# Humiliated by a M5



## elbert (Mar 28, 2002)

Patrick 520iAT said:


> Going a blistering 67km/h in 3rd


:lmao: Great story Patrick


----------



## Akakubi (Dec 21, 2001)

:bustingup :bustingup :bustingup Awesome story! 

The M5 guy is an :asshole: and should be :spank: for littering and just being obnoxious.  

On a side note, was the M5 fishtailing in the snow?


----------



## BlackChrome (Nov 16, 2003)

:rofl:


----------



## Salvator (Oct 14, 2003)

AndDown said:


> Great story! Have you considered writing for Roundel?

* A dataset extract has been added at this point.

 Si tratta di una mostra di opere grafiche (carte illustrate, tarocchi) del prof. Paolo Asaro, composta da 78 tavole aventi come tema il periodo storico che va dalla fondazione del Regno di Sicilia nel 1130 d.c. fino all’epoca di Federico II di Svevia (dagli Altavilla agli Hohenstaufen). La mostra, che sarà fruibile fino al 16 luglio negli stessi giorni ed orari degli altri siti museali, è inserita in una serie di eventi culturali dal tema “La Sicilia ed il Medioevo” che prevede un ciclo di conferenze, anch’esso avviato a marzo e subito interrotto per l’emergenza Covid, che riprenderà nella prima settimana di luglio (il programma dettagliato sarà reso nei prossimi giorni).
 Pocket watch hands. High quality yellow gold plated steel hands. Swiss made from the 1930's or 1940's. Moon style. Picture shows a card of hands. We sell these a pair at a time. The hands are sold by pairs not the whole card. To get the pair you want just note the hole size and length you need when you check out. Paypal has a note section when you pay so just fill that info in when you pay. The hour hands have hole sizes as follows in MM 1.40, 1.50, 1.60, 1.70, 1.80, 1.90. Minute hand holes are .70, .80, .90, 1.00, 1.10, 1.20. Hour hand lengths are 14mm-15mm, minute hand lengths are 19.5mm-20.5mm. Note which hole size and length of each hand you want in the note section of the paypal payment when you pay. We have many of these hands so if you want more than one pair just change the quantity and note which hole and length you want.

I second this suggestion... Great writing!


----------



## ObD (Dec 29, 2001)

It ain't braggin if you can back it up.


----------



## Mike 325xi (Dec 19, 2001)

:rofl: :rofl: :rofl:

Patrick, that is too damned funny!!!

Kind of similar to an experience I wrote about here on the 'fest almost 2 years ago. 

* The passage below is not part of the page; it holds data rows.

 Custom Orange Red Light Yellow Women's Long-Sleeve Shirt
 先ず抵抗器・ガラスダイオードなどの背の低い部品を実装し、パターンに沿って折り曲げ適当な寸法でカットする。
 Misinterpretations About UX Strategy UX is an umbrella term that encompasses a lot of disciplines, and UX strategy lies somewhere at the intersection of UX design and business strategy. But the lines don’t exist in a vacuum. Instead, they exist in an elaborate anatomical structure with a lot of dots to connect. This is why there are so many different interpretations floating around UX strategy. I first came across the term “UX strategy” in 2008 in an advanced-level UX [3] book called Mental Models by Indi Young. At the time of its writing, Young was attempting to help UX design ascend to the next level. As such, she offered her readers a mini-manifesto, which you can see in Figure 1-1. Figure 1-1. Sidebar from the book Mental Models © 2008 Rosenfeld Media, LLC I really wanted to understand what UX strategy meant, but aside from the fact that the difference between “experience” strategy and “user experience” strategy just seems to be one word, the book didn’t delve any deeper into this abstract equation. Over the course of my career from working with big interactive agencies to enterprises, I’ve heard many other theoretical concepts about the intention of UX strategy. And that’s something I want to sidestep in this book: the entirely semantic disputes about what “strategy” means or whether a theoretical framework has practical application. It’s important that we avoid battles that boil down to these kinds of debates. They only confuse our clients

http://www.bimmerfest.com/forums/showthread.php?t=4635


----------



## doeboy (Sep 20, 2002)

Mike 325xi said:


> :rofl: :rofl: :rofl:
> 
> Patrick, that is too damned funny!!!
> 
> ...


:lmao: :lmao: :lmao:


----------



## bbkat (Oct 27, 2002)

:rofl:

yeah, but can he pack as many kids/pets/other junk as you?


----------



## glaws (Feb 21, 2002)

To bad that didn't happen to you in Texas. You coulda pulled out your 357 mag and blown him away. It wouldn't be exactly legal, but no jury of your peers would convict you after you told your story.


----------



## Llarry (May 17, 2002)

OK, gang, I see that there are almost 10,000 (!) bimmerfest members. How about we help our buddy Patrick out here -- if each of us send him two U.S. dollars, he can buy a second engine for his 520iAT, cram it under the hood and go find that M5 for a rematch! Revenge is sweet!!!!


----------



## The Roadstergal (Sep 7, 2002)

LMC said:


> OK, gang, I see that there are almost 10,000 (!) bimmerfest members. How about we help our buddy Patrick out here -- if each of us send him two U.S. dollars, he can buy a second engine for his 520iAT, cram it under the hood and go find that M5 for a rematch! Revenge is sweet!!!!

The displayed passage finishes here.